Kenmore elite C970-440933 , 13 years old. The oven stopped working. I opened up, and saw right after the main control board, there were the burnt wires and part of the connector on the wire harness. See pic.

I looked into it. 
1. The main wire harness will cost 200$? 

2. Even i would change the wire harness, probably it will fail again as it happened because of some loose connections or short.

3. What else i should check? The oven elements? I could only see the top element. The control board seem to work otherwise.


----------



## hohadcr (Jul 25, 2009)

I checked the other ends. All looked normal. Or, do i need to feel each connection to see if anything is loose?


----------



## hohadcr (Jul 25, 2009)

Hello anyone?


----------



## HandyAndyInNC (Jun 4, 2018)

You may purchase a new connector with new pins. That is what I would do to test the range. It will not cost $200. More like $10 at any auto parts store, or radio shack type place. If the connections were loose, use a different type of connector. Just make sure that the pins will accept the size wire that you have. You can also just use butt splices, but then you will not be able to pull them apart. I doubt that you will need anyway. Most ranges have a glass fuse some where on or close the circuit board. Check that it is good, if not, replace it.


----------



## hohadcr (Jul 25, 2009)

Most other posts suggest that when the wires amd connectors are burnt, there is usually some other loosen parts that caused the burn. 

You mean forget about any other loosen parts, just fix it and see what happens?


----------



## hohadcr (Jul 25, 2009)

anyone else??ahhh..


----------



## hohadcr (Jul 25, 2009)

somebody told me that I should test the omhs of the burners. What would be the standard for a working burner in the oven?


yes, i am with a broken oven for a lot time....


----------



## quatsch (Feb 4, 2021)

As was mentioned/hinted-at above, localized melting 
is due to high contact resistance in the connector along with several amps of current draw.
Maybe it took 5w to melt this & so @10A you had 0.05 ohms contact resistance rather than just a few milliohms, a 10x degradation.
The connector may have lost spring tension & so the contact pressure is lowered or it could have been corrosion.
Replace it.

A recent poster may have had a 20x degradation in a wall switch which may have welded the contacts closed.

I had a corroded furnace connector, water dripped onto it from the inducer assembly.
Instead of measuring "zero" ohms it measured 70 Megohms. I think I just used fine sandpaper to fix it.
In this case there was no melting, the connection went from zero to effectively an open circuit. The connection must have resistance to heat up & melt.

I have several of these connectors in the basement, I should measure the contact resistance. For a typical wall plug & wall socket it's 5 milliOhms.


----------



## jmon (Nov 5, 2012)

hohadcr said:


> somebody told me that I should test the omhs of the burners. What would be the standard for a working burner in the oven?
> 
> yes, i am with a broken oven for a lot time....

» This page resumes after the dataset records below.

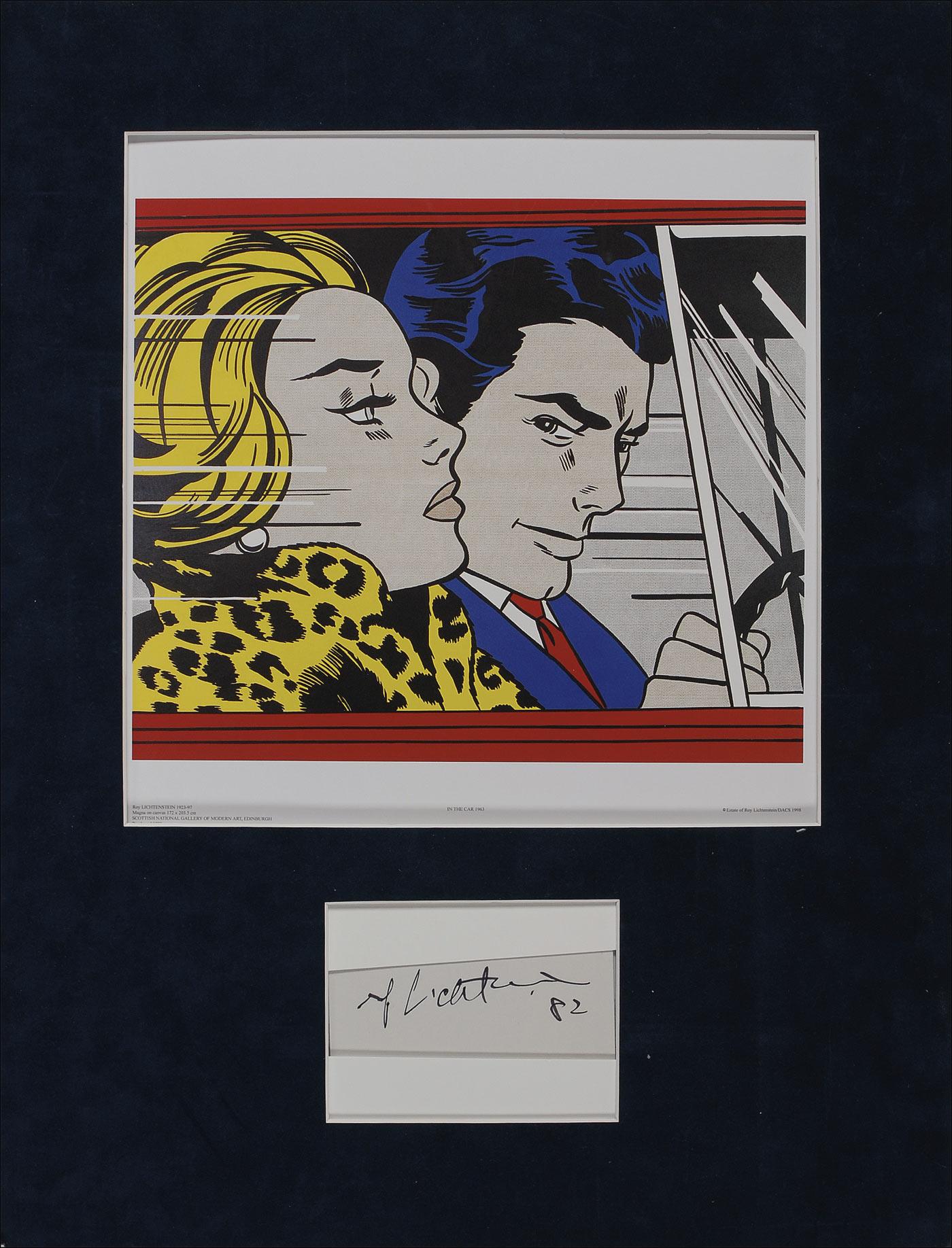 Felt tip signature, “Roy Lichtenstein ‘82,” on an off-white 5 x 3 card. Cloth matted with a color print. In very fine condition. RRAuction COA.
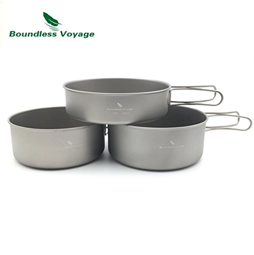 Outdoor Titanium Pot Set Camping Cooking Pot With Titanium Pan Ultralight(500ml+600ml+700ml)
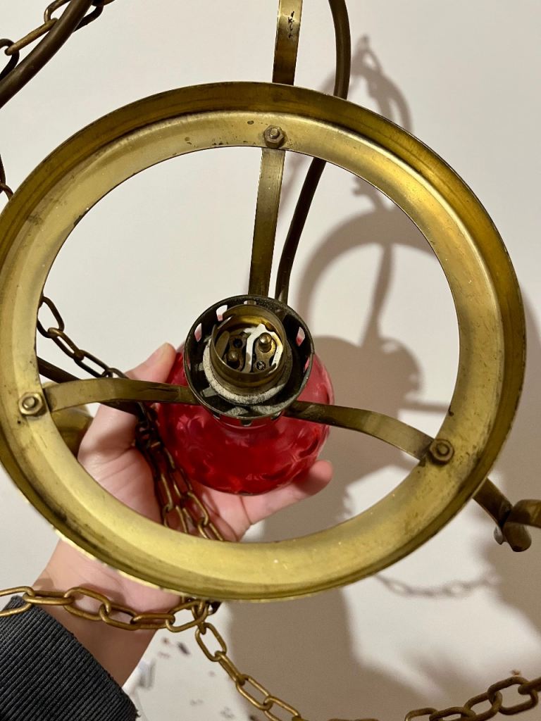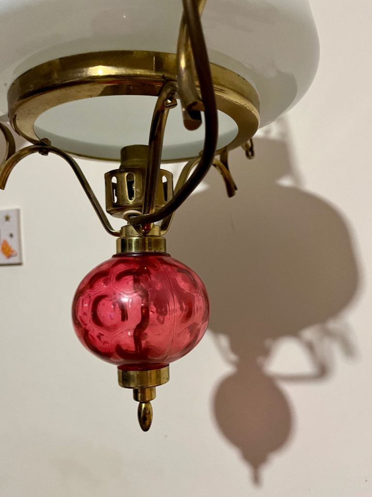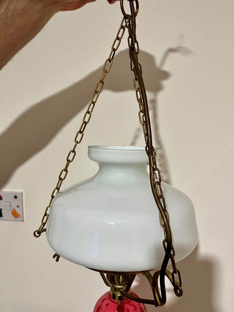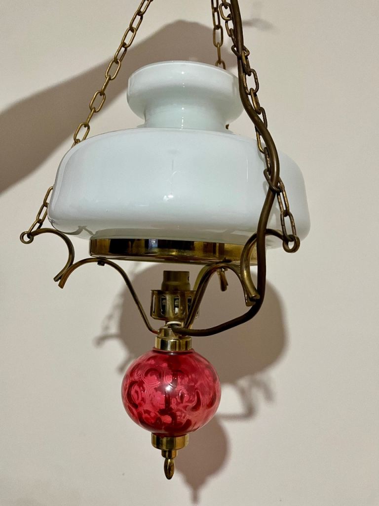 This is a vintage brass ceiling light converted from an oil lamp, featuring an opaline glass shade and a red glass font.
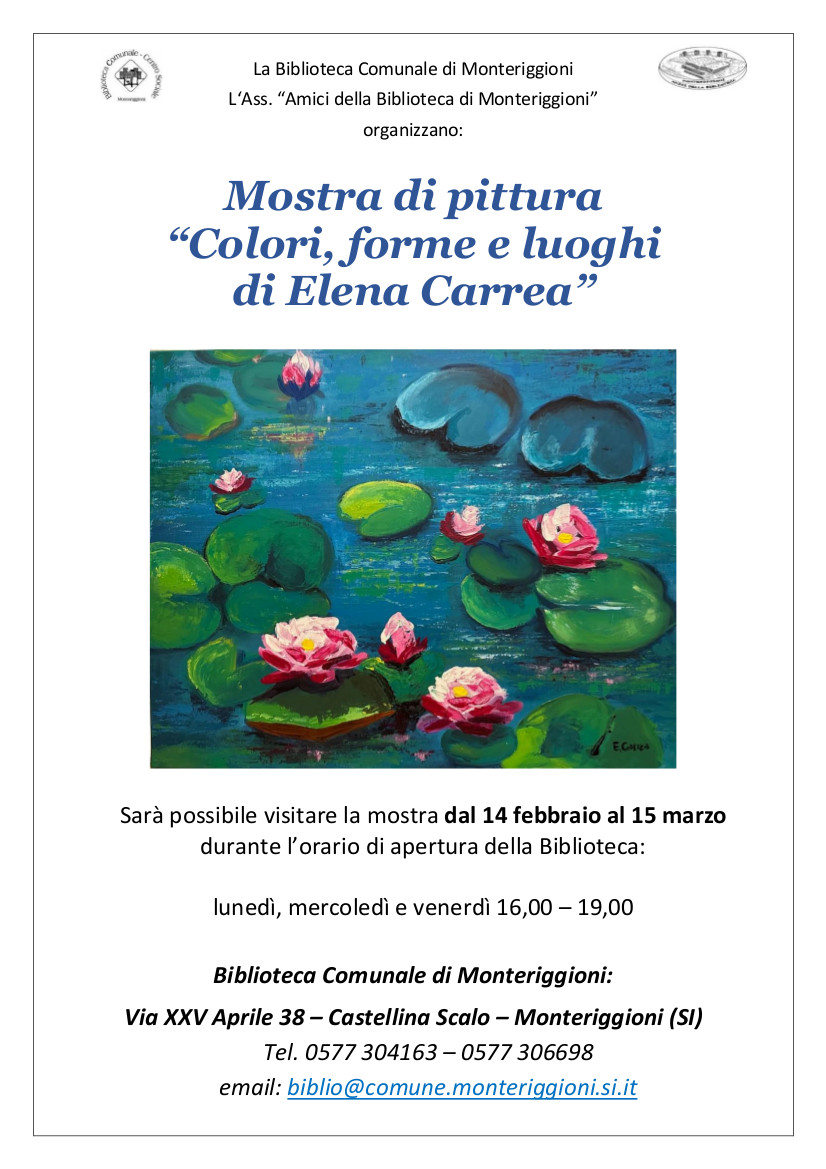 Fino al 15 marzo, presso la Biblioteca di Castellina Scalo, sarà visitabile “Colori, forme e luoghi”: mostra di pittura di Elena Carrea.

I don't think that's your problem, but it wouldn't hurt to check them. They will probably check out fine.

Do you have a multimeter with omh setting??


----------



## jmon (Nov 5, 2012)

You will have to decide if it's worth fixing an electric oven/stove over 13 years old or replacing it.

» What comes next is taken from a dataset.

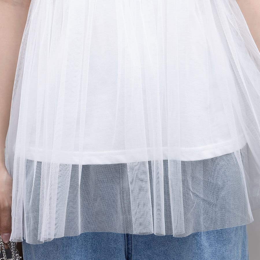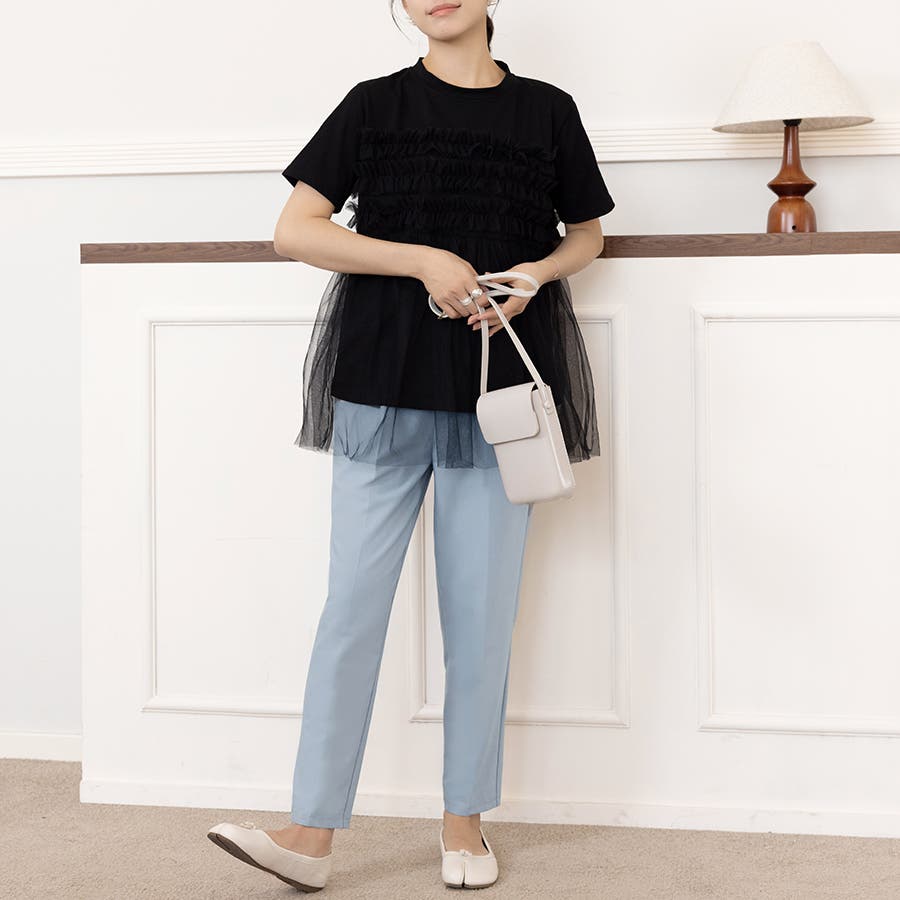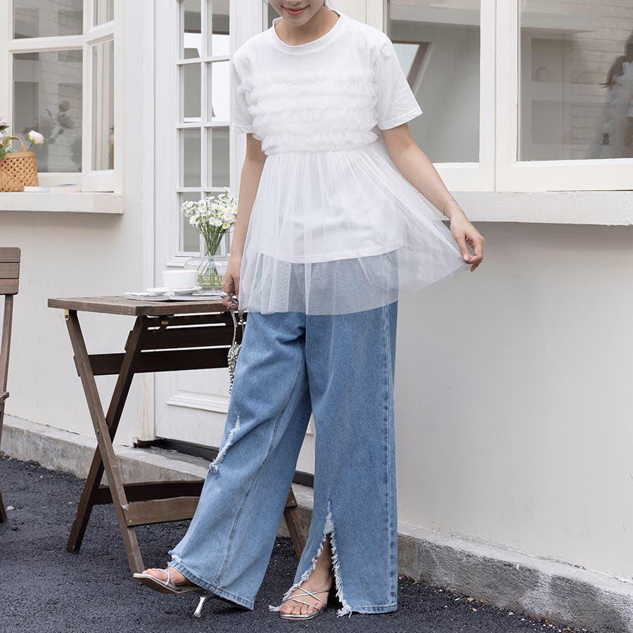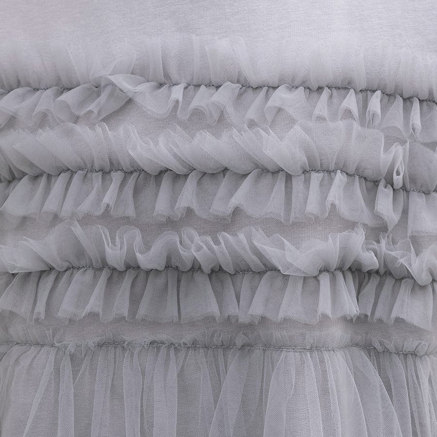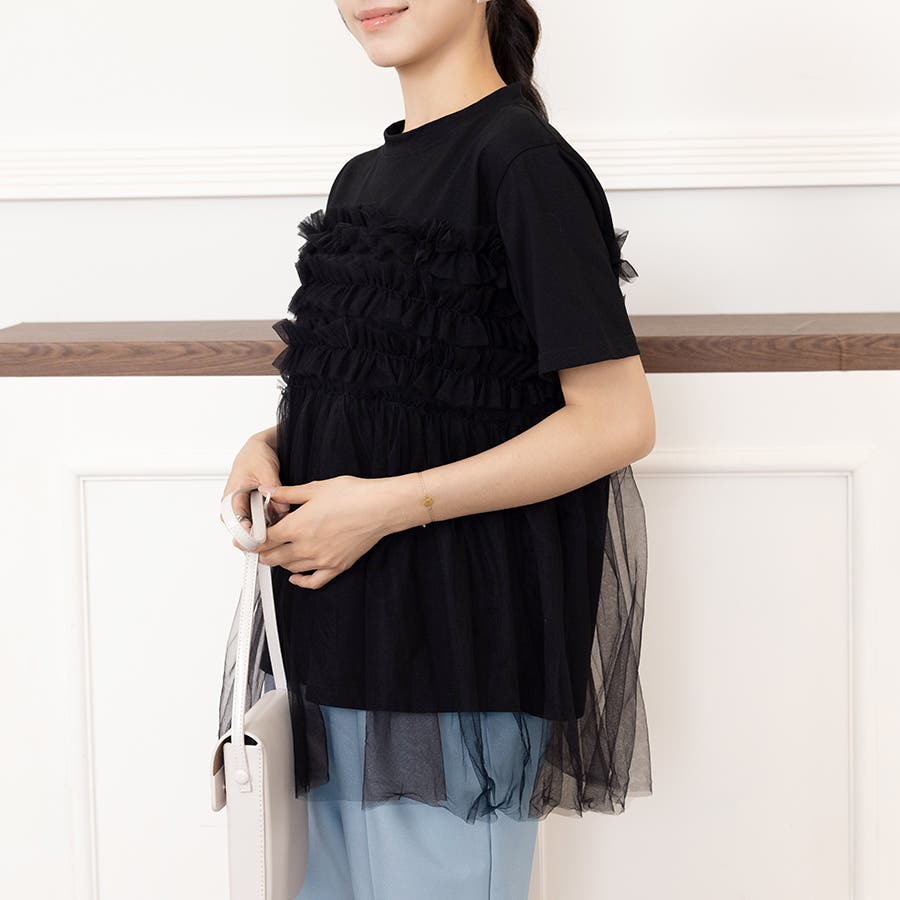 チュールドッキングがチャームポイントのガーリーなドッキング半袖Tシャツ新登場♪

There may be more than just the wiring harness damaged. It may have caused damage to other components.

Wiring harness, control board, tech services = lots of money.

Really need a tech to see if it's worth putting money into it. Sorry I couldn't be more help.

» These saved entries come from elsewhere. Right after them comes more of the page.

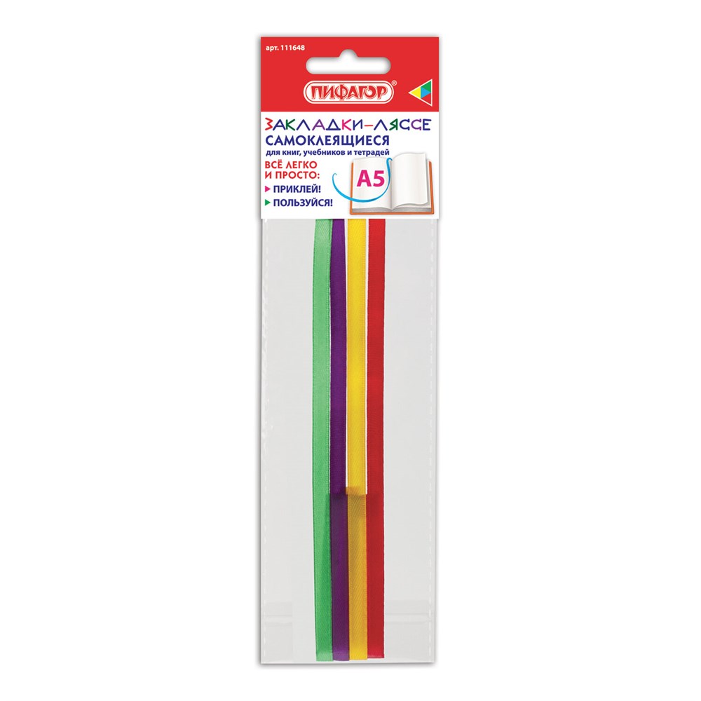 Закладки-ляссе "РАДУГА" для книг А5 (длина 28 см) ПИФАГОР, клейкий край, 4 ленты, 111648
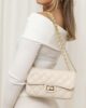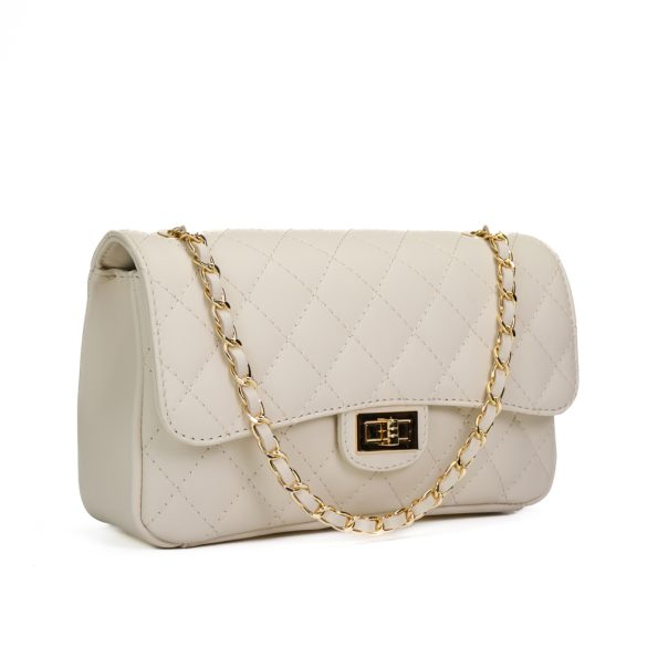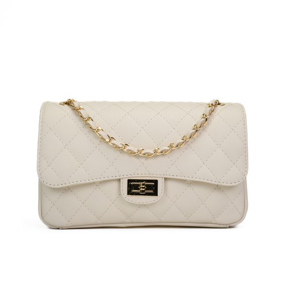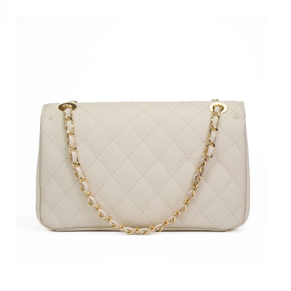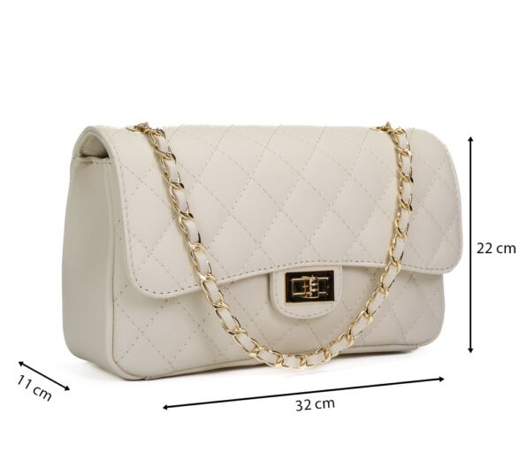 Tiene un bolsillo con cremallera y un bolsillo de diseño acolchado. Asa larga ajustable (cadena entrelazada con cuero natural).
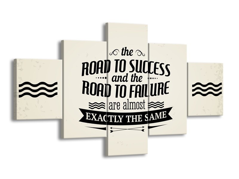 Canvas Schilderij Tekst, Modern | Crème, Zwart | 125x70cm 5Luik

You could replace the wiring harness (200 bucks), only to have the same thing happen. What a waste of money that would be, when it could have went towards a new or used stove that works. Just saying


----------



## quatsch (Feb 4, 2021)

Bypass the burnt part by soldering. 
There is also some kind of conductive goop you can put on the other pins (car dealerships have this stuff).


----------